Entering edit mode
7.2 years ago
James Denvir
▴
100
I analyzed an RNA-Seq experiment (from human samples) a little over a year ago for a colleague, using DESeq2. The analysis produced some good results (96 genes upregulated and 263 downregulated, using default settings) which made good biological sense.
The investigator wanted to add a couple more samples since the sample size was fairly small, so recently she sequenced two more pairs of samples and asked me to run the same analysis with the full set. As you can guess, all the nice results vanished.

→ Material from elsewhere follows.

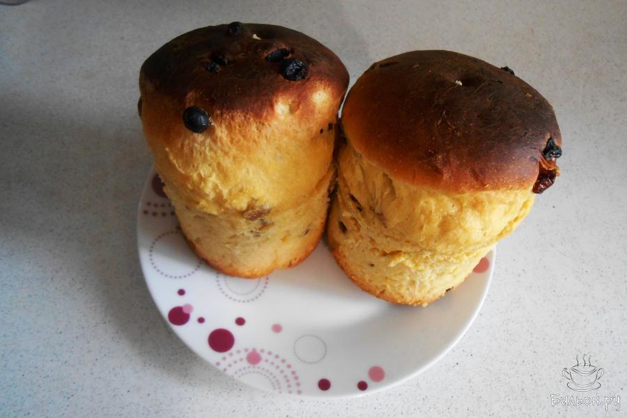 Пасхальную выпечку на дрожжевом тесте с изюмом готовлю на молоке и домашних яйцах. Куличи получаются в меру сладкими, сытными и не крошатся. Чтобы пасхальные куличи получились вкусными, я вымешиваю тесто руками в течение 10 минут. Для пышности в тесто добавляется маргарин. Для выпечки кулича я использую емкости от консерв разных форм. Из данного количества ингредиентов получается 11 штук разных размеров.

To check the analysis, I omitted the new samples and re-ran the same analysis I had run previously, on the same samples, and got completely different results: 9 genes upregulated and 12 downregulated.
To make sure I was doing exactly the same thing both times, I loaded up the saved RData file from the analysis last year. This has the original summarized experiment (se), the DESeqDataSet (dds) after running DESeq(), and the results. I ran exactly the same commands I had run previously, creating a new DESeqDataSet from the same summarized experiement as follows:
dds_new <- DESeqDataSet(se, design = design(dds))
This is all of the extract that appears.